The problem: Given the records below, would you repeat exactly the lines that begin at the one containing "闭幕式上,裁判长徐振文副主任" and end at the one containing "tutti gli artifici", inclusive?

Working data:
Start of Block

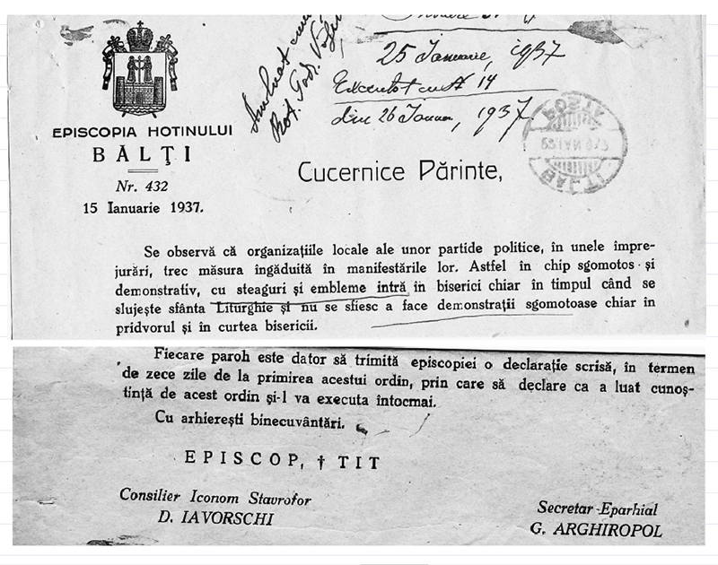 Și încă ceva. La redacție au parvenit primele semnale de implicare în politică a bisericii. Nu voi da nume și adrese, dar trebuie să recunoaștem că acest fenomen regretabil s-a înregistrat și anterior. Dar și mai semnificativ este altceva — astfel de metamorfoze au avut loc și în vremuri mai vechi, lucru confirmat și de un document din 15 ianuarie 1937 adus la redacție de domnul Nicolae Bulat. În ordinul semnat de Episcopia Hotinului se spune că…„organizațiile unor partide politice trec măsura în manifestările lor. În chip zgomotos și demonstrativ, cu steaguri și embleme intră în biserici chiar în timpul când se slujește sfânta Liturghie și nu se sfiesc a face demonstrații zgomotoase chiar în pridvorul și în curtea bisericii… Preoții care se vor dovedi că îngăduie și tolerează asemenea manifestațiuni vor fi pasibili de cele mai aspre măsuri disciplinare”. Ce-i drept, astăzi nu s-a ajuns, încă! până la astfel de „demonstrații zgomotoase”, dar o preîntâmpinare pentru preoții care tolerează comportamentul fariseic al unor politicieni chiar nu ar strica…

End of Block
Start of Block

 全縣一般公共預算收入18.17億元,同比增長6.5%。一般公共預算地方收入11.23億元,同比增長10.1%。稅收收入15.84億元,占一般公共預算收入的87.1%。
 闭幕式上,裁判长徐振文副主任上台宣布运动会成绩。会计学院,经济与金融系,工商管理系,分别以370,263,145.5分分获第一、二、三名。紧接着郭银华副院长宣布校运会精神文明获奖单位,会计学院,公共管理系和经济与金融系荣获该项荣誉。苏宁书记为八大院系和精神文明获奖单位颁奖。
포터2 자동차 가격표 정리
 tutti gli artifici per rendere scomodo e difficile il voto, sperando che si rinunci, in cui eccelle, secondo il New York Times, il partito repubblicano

End of Block

Solution to the exercise:
 闭幕式上,裁判长徐振文副主任上台宣布运动会成绩。会计学院,经济与金融系,工商管理系,分别以370,263,145.5分分获第一、二、三名。紧接着郭银华副院长宣布校运会精神文明获奖单位,会计学院,公共管理系和经济与金融系荣获该项荣誉。苏宁书记为八大院系和精神文明获奖单位颁奖。
포터2 자동차 가격표 정리
 tutti gli artifici per rendere scomodo e difficile il voto, sperando che si rinunci, in cui eccelle, secondo il New York Times, il partito repubblicano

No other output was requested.